Sound complicated and weird? It is. Really weird.

It book bills itself as a "horror" novel, but it is more psychologically twisted than scary. The concept is interesting, but the journey the writer takes you on to get there can be a bit annoying and frustrating.

Which might be the point.

The main character's dissolving sanity and paranoia at times make it hard to really get into the book or even care about the bland leading man. The book drives you a bit crazy with the way it is written, but at times that can be the most interesting thing about the story. You begin to go crazy along with the main character.

Each chapter begins with a kind of bizarre theory as to what is happening to the main character- ranging from evil robot copies, aliens, clones, twins, etc. It all becomes a little bit heavy and distracting, again cutting off the reader from really becoming connected with the story, except to go a bit crazy along with the lead.

It was a bit of a struggle to keep reading it times, but the over-all idea is an interesting one. I will say I found myself thinking about some of the bizarre theories and twists in the book when I wasn't reading it, but still found it somewhat tiring to read.

So if you want to go a bit crazy, then by all means, this is the book for you. It may not be the summer read you are looking for to take to the beach, but is worth a read if you like twisted, bizarre books.

Monday, June 09, 2008

The Neverending Me2 Terror!


Even my friend ... my friend ... Mari Adkins has fallen under the copycat's spell!
Have you ever had one of those dreams where you wake up and you're not quite sure yourself or that you're in your own home with your own personal things? M. Christian's Me2 is a lot like that. The reader is introduced up front to a superficial main character who has a superficial outlook on everything around him -- including his job, his friends, and the other people he encounters. Obsessed by how others perceive him, he goes through his days doing the same thing repetitively, almost mechanically. But then an odd man talks to him about Doppelgangers.
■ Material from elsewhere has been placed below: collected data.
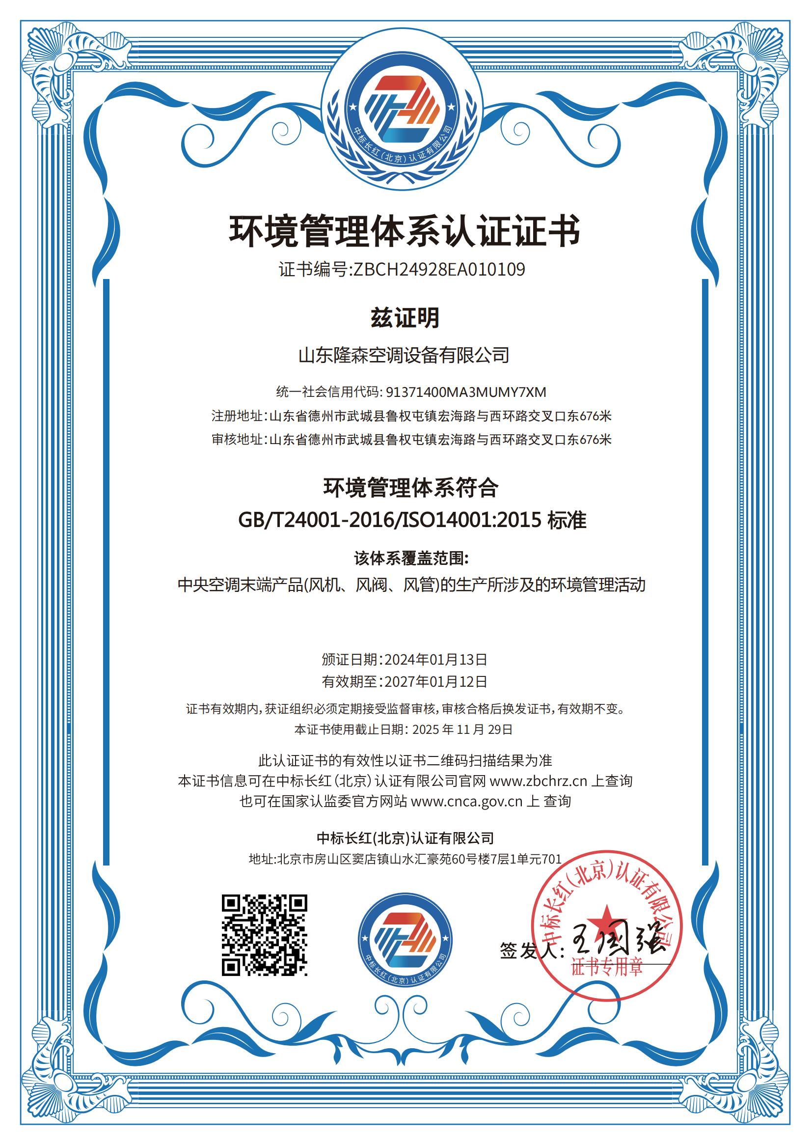 • 環境管理體系證證書
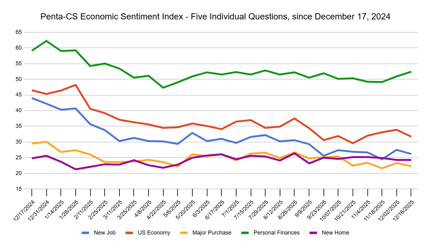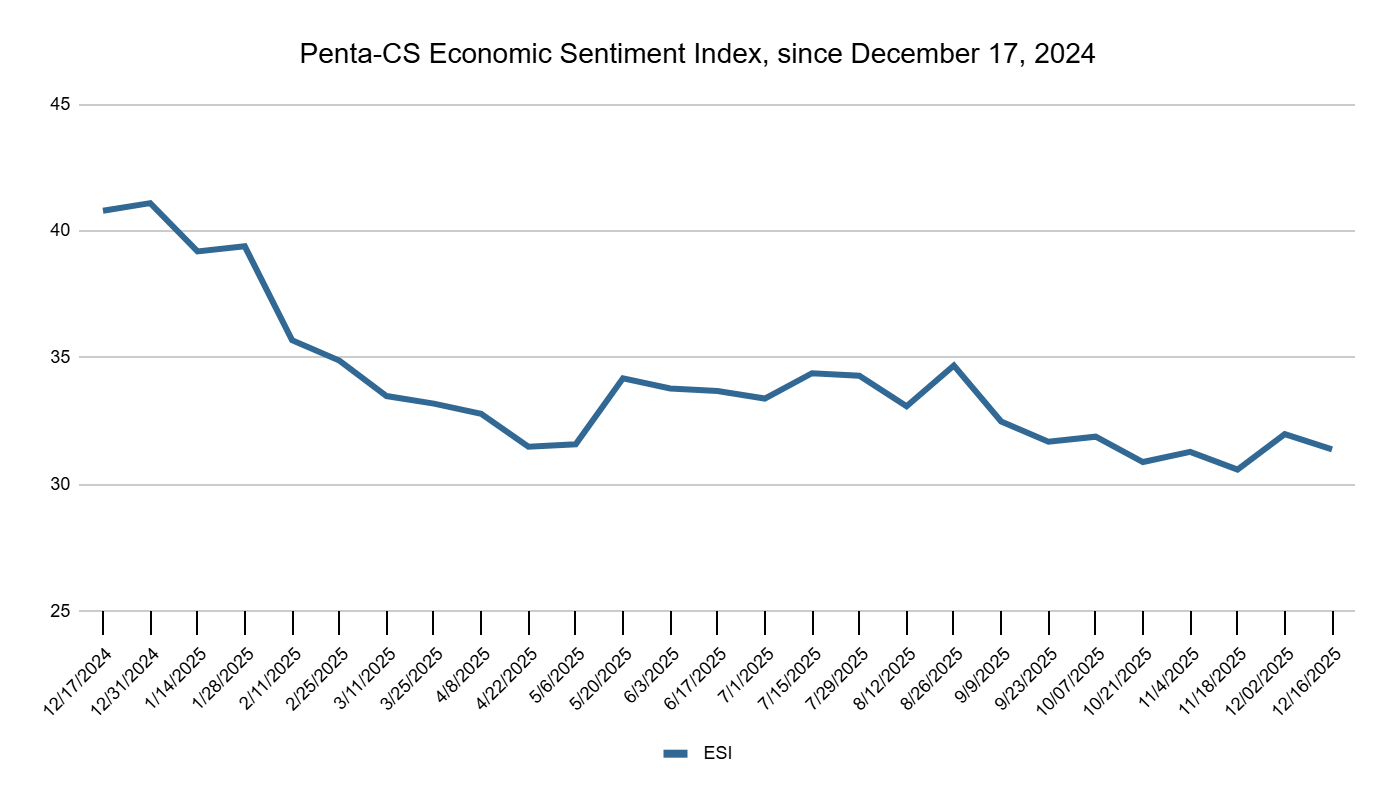 The latest biweekly reading of the Penta-CivicScience Economic Sentiment Index (ESI) decreased by 0.6 points, from 32.0 to 31.4, marking a dip in overall economic confidence ahead of the new year.
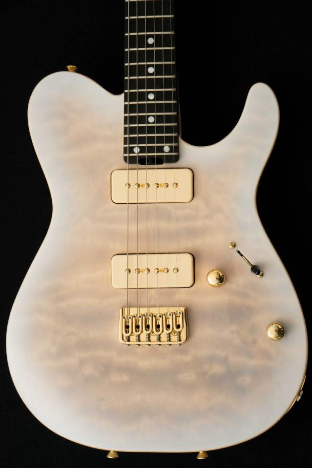 キルトメイプル杢目が透けて見えるシースルーカラーで、ボディ淵に向けて白が濃くなるバーストカラーとなっております。
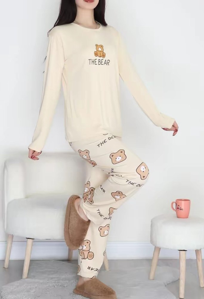 Uzun kollu, bol kesim kadın pijama takımı, beyaz pastel renkte ayı baskılarıyla. Üstte "THE BEAR" yazısı ve ayı figürü bulunur. Yumuşak kumaşla rahat kullanım sağlar.
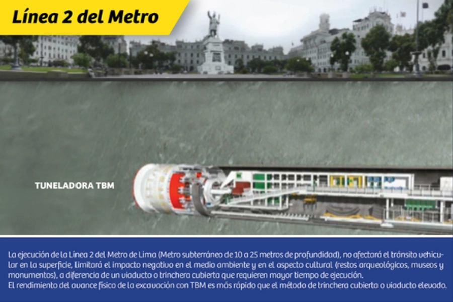 Se optó por un Metro subterráneo porque, además, minimizará los tiempos de ejecución del proyecto, dado que el método de excavación con tuneladora TBM tiene un rendimiento de 15 metros lineales por día, mientras que el método convencional tiene un rendimiento de 1 metro lineal por día.
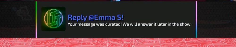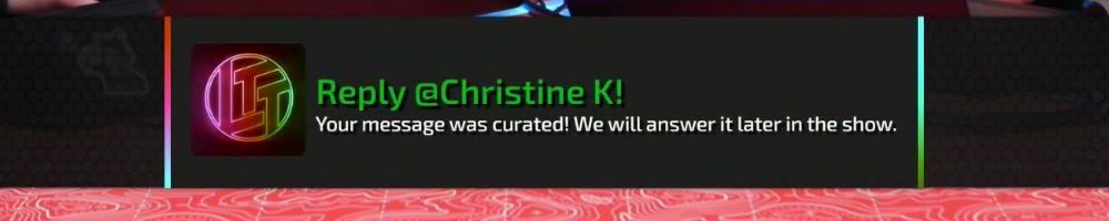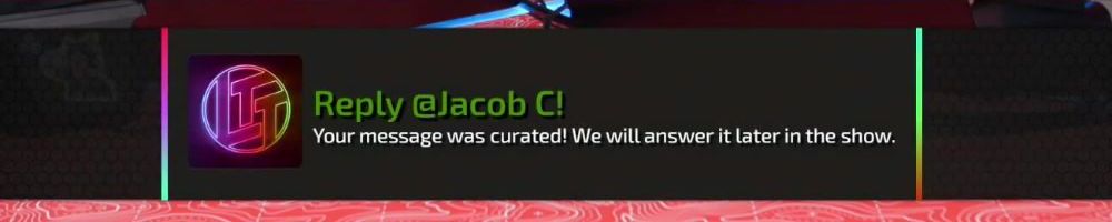 Reply @Jacob C! Your message was curated! We will answer it later in the show.
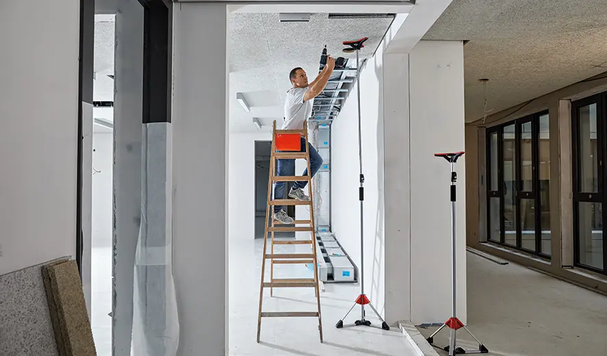 • Stabilný stojan, pretože upnutá stropná podpera pôsobí v určitých bodoch smerom dole
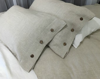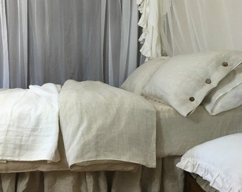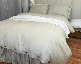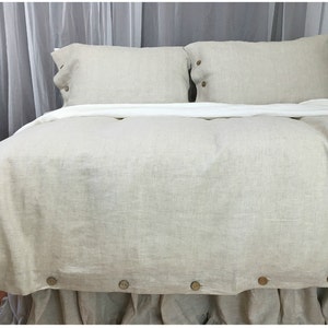 Natural Linen Duvet Cover With Wood Button Closure Washed Etsy
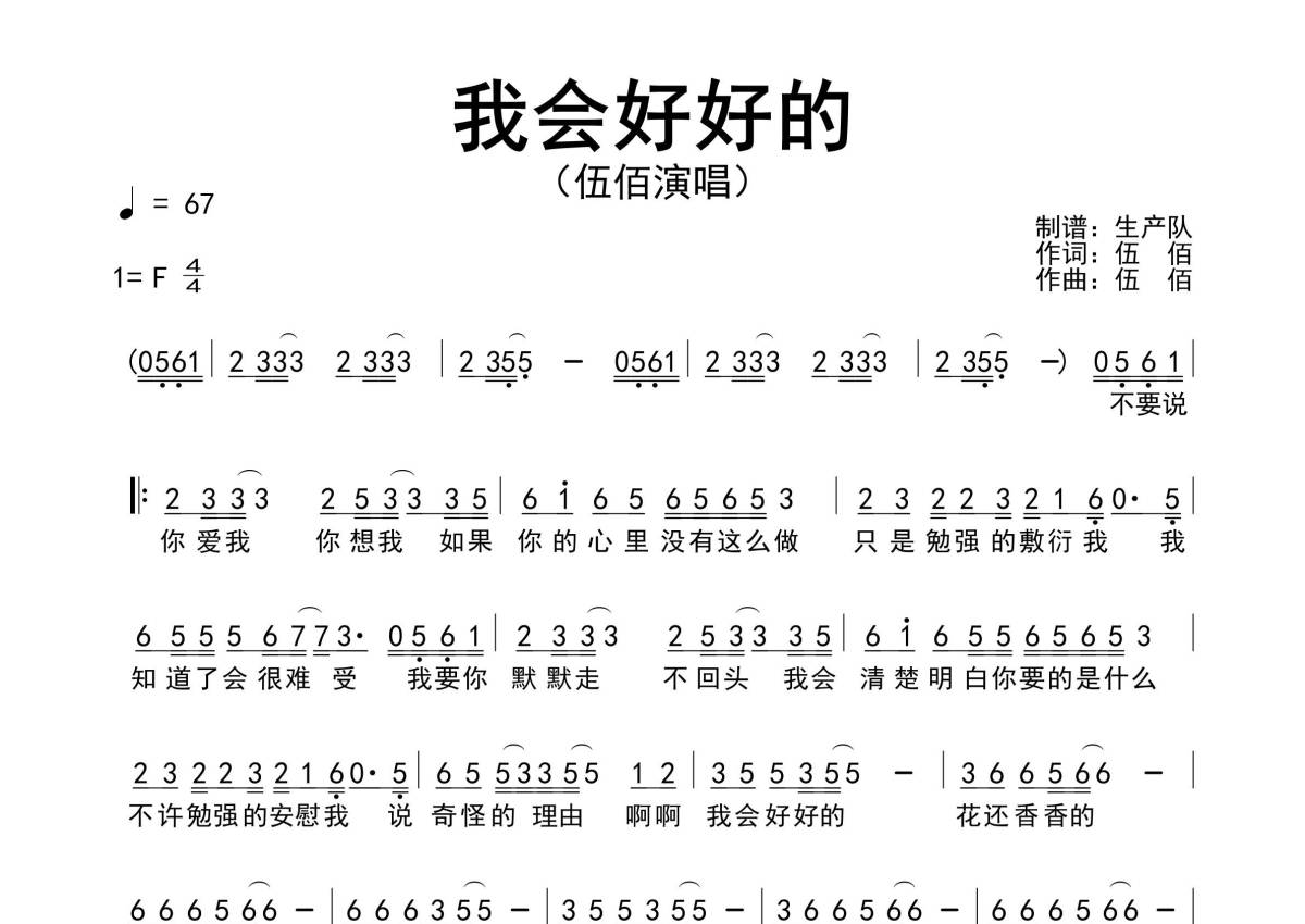 《我会好好的》是伍佰演唱的一首歌曲,原版简谱,拍号为4/4拍,歌曲速度为每分钟67拍,这份简谱共有一张高清图谱,图谱由 @生产队 编配上传伍佰演唱的歌曲《我会好好的》原版简谱。
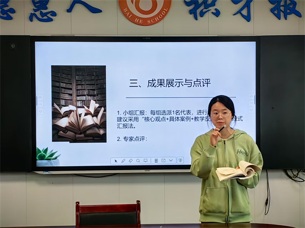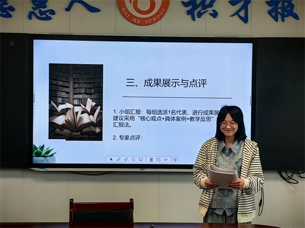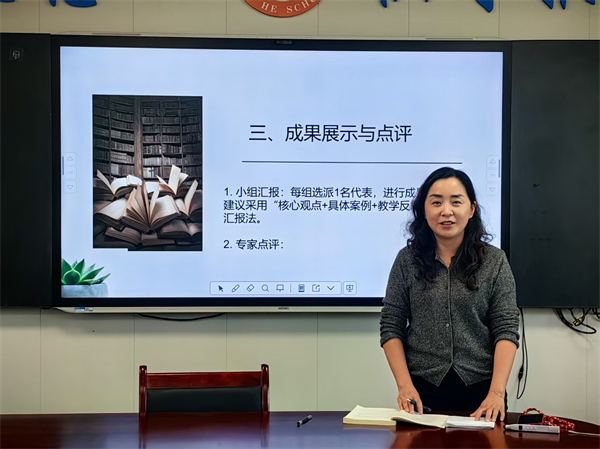 各组集思广益、畅所欲言,将所学、所思、所悟凝练为核心成果。随后进入成果展示与点评环节,贾文静老师、李彩霞老师、蒋丽老师依次代表小组分享研讨成果,从问题设计优化、生本课堂落地、思维能力培养等角度,呈现小组智慧结晶,实现经验共享、互学共进。
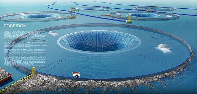 Poseidon is a self-sustain submarine desalination plant that provides acess to clean water from the sea for any part of the world who needs desalined water. The main idea of poseidon is to use hydroelectric technique to power the reverse-osmosis plant, thus the unit does not require external power source.

It's been said that every person has a twin somewhere on this Earth. Christian sets this idea on its ear and then some in his own personal style. Of course the narrator has a Doppelganger, the signs are obvious, and he is faced with the unimaginable horror of searching out his own uniqueness.

The story is engaging, although in places confusing -- and out of order. But I believe Christian has layered and sequenced his story this way for the purpose of keeping the reader unsettled, so he can't figure things out on his own or guess ahead.